Бирюльки

Валерий Соболев
«Мы здесь не в бирюльки играем, а готовим судоводителей!» - с  чувством произнёс Начальник Судоводительского факультета, строго глядя мне в глаза – мне, только что вернувшемуся из клиники в ФРГ, где я перенёс операцию по удалению аппендикса. Операция эта и последующее восстановление в Германии пришлись в аккурат на мой курсантский отпуск, и я надеялся получить хоть несколько дней отдыха за счёт первых дней уже начавшегося семестра, потому и оказался в кабинете Начальника с соответствующим рапортом. Ничего не вышло – пришлось поездку домой отменить, и я поплёлся в аудиторию, вспоминая по дороге перипетии недавно произошедших событий…

Тот рейс, один из первых в моей жизни, для меня как-то «не сложился», хотя начинался феерично. К проходной Ленинградского морского торгового порта, где уже собрались курсанты в ожидании организованной посадки на учебный пароход, я подъехал на чёрной «Волге»*. Так вышло случайно – эта машина подобрала меня, опаздывающего и отчаянно голосовавшего на дороге, - но многие курсанты и преподаватели восприняли моё появление по-своему: «надо же, прибыл в последний момент (!), да ещё на «таком»(!) автомобиле, - видимо, парень не прост…».

Первые несколько дней рейса пролетели, и вот выходим в Северное море.
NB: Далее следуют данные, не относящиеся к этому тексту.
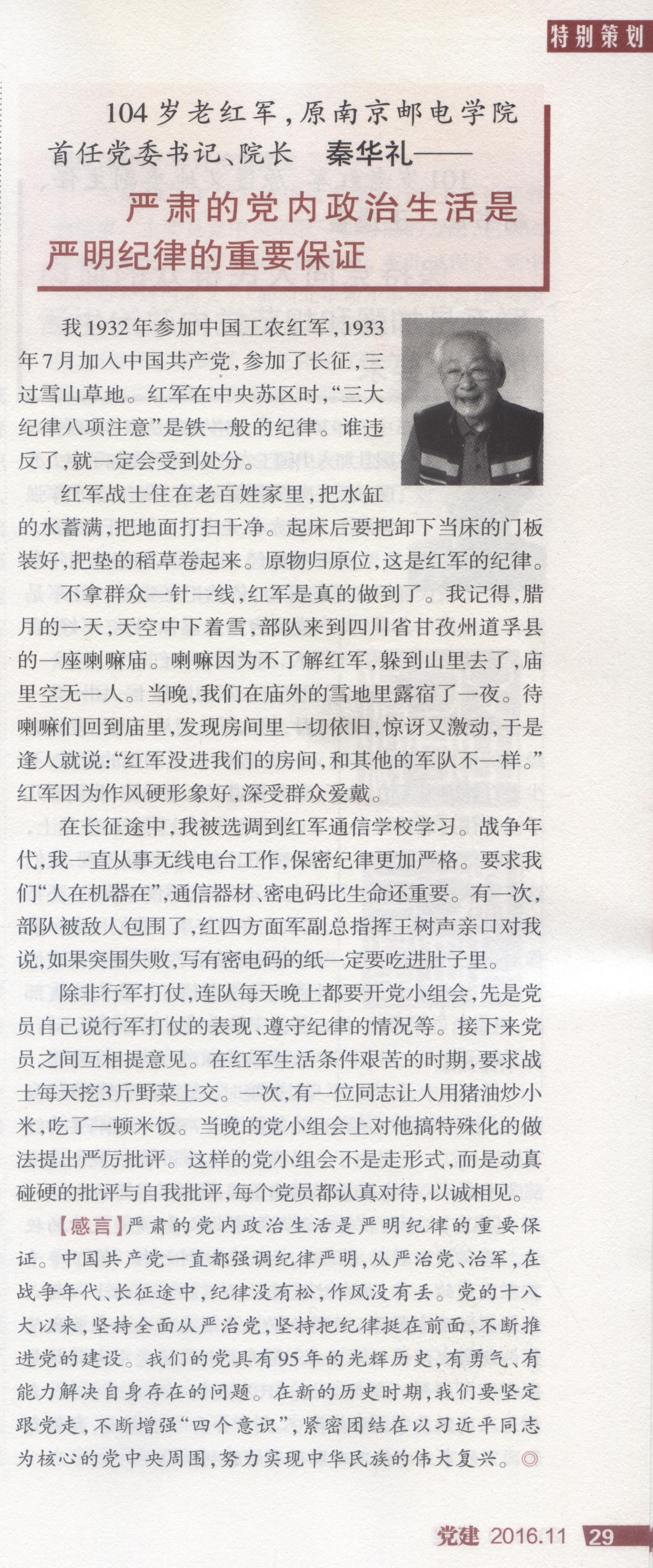 ——2016年第10期《黨建》雜志:革命人永遠是年輕—記104歲的老紅軍、原南京郵電學院首任黨委書記兼院長秦華禮
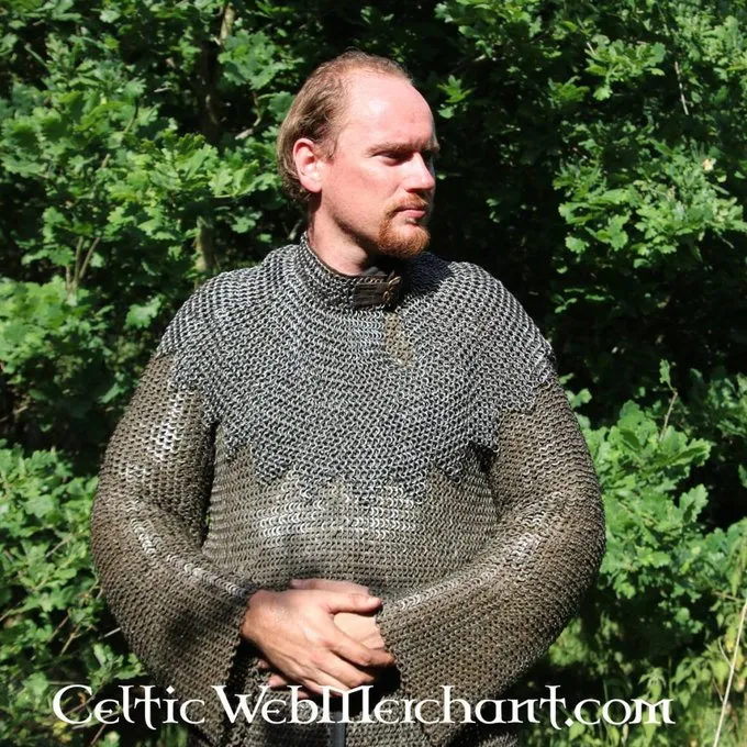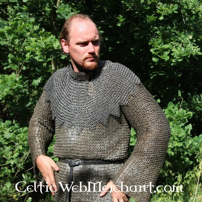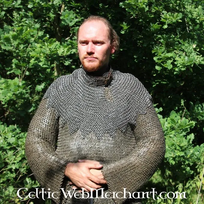 Aventails som denne blev båret over hele Europa i løbet af det 15. og 16. århundrede. I det 16. århundrede var det uhyre populær blandt den tyske Landsknecht og den skotske og irske Galloglass. … Denne type brynjekrave kaldes også Bishop “s Mantle Det har læderremme med replika ranges Den nedre side af kraven er fremstillet af messing chainmail denne brynjekrave er lavet af gathered ringe 1: 4
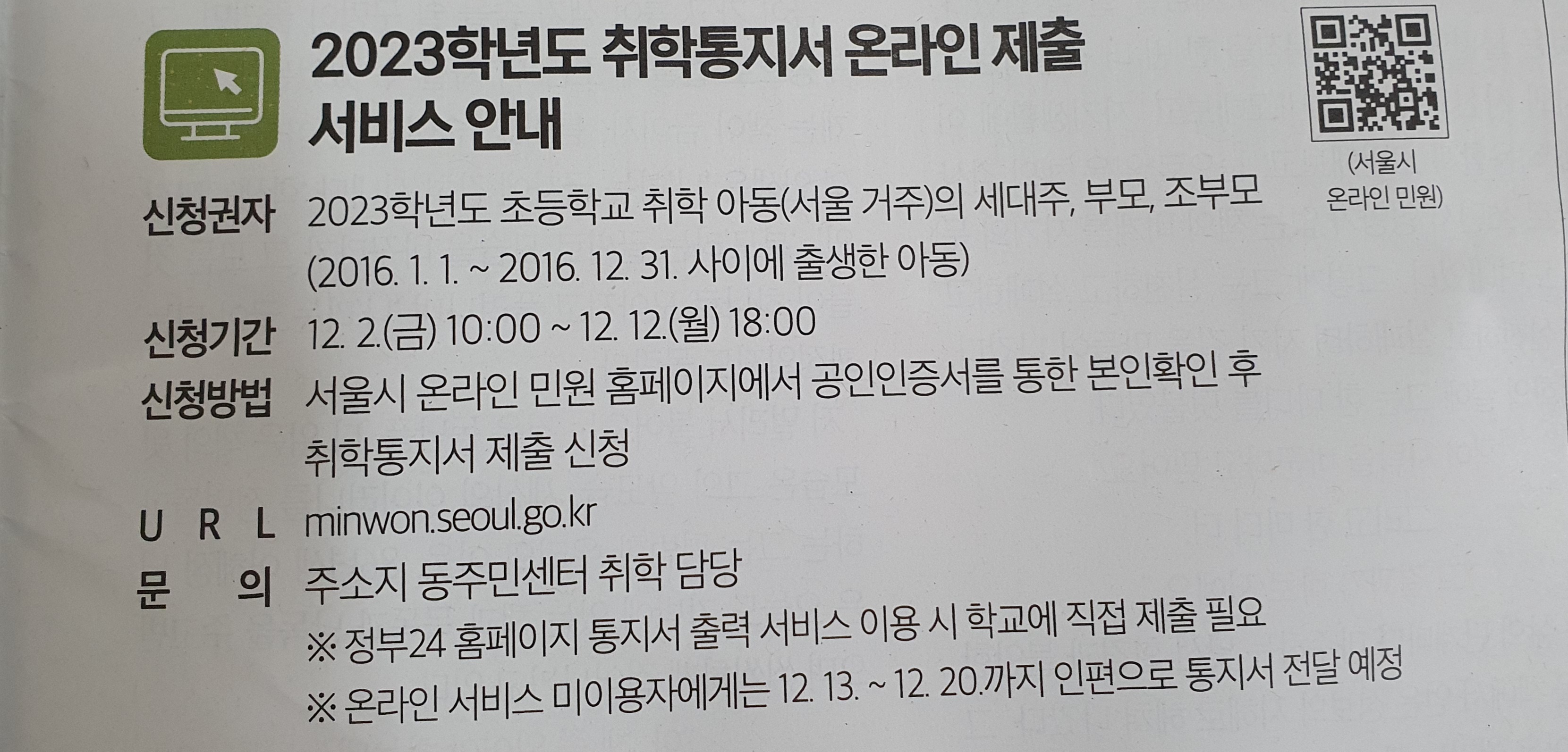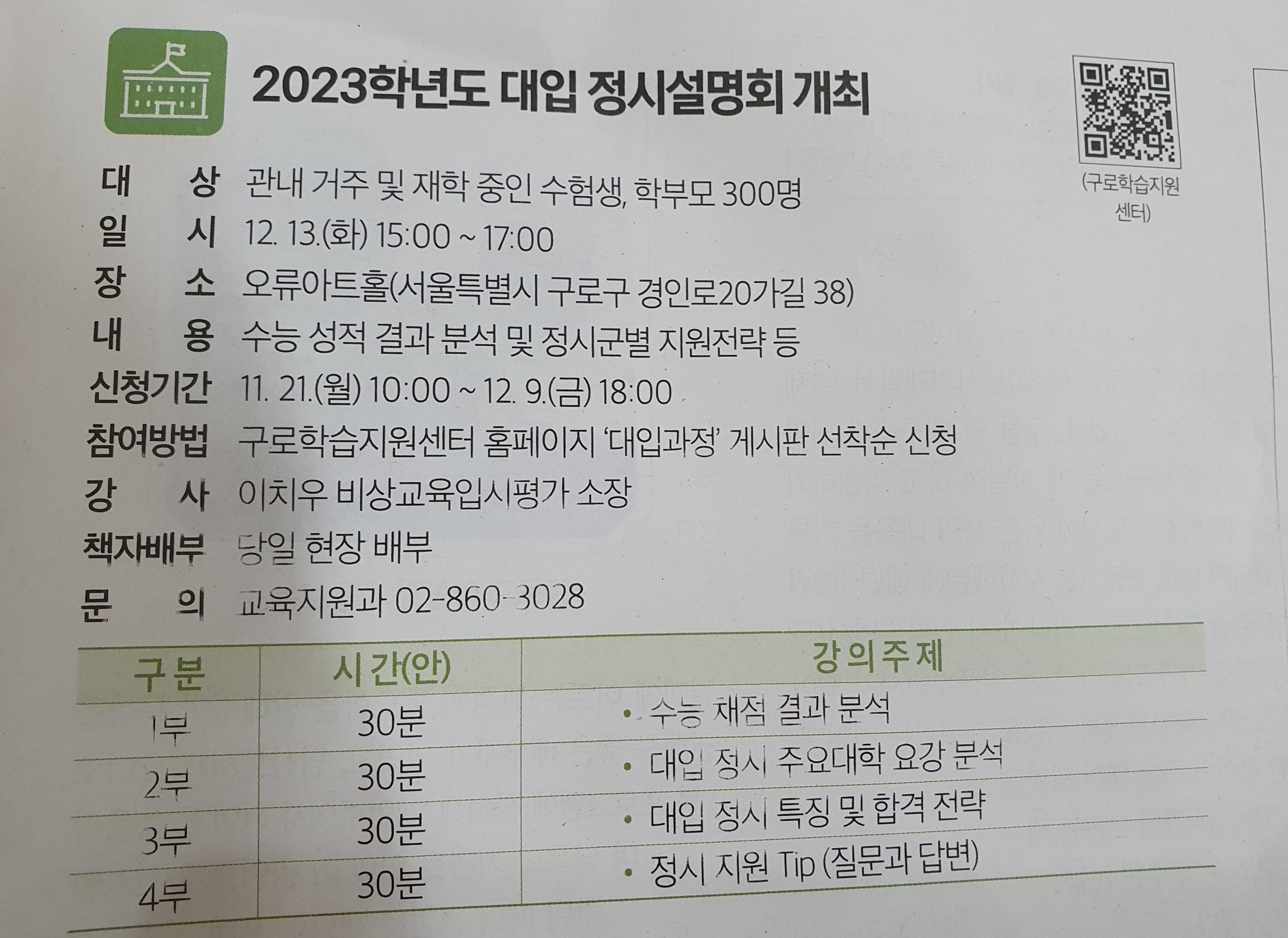 구로구 소식지 2022년 12월호 중에서 : 취학통지서 제출/ 송길영 특강/ 2023 대입 정시설명회/ 수요 야간 민원실

Появилась качка, сначала небольшая; однако, с каждой минутой её амплитуда увеличивалась, а на повороте судно резко завалилось на борт. Я попытался ухватиться за релинг (поручень), и моя левая рука, описав дугу в воздухе, ладонью должна была упасть на него, но траектория оказалось такой, что собственно на релинг сверху вниз попал только краешек ногтя на безымянном пальце. Движение было резким, ноготь подорвался и стал перпендикулярно пальцу. Сильной боли я сначала не почувствовал. Побежал к судовому врачу. Тот, не долго думая, без всякой анестезии, щипцами (чуть ли не пассатижами), выдернул ноготь окончательно. Вот тут я взвыл от боли. Доктор заботливо перевязал палец и отправил меня из кабинета.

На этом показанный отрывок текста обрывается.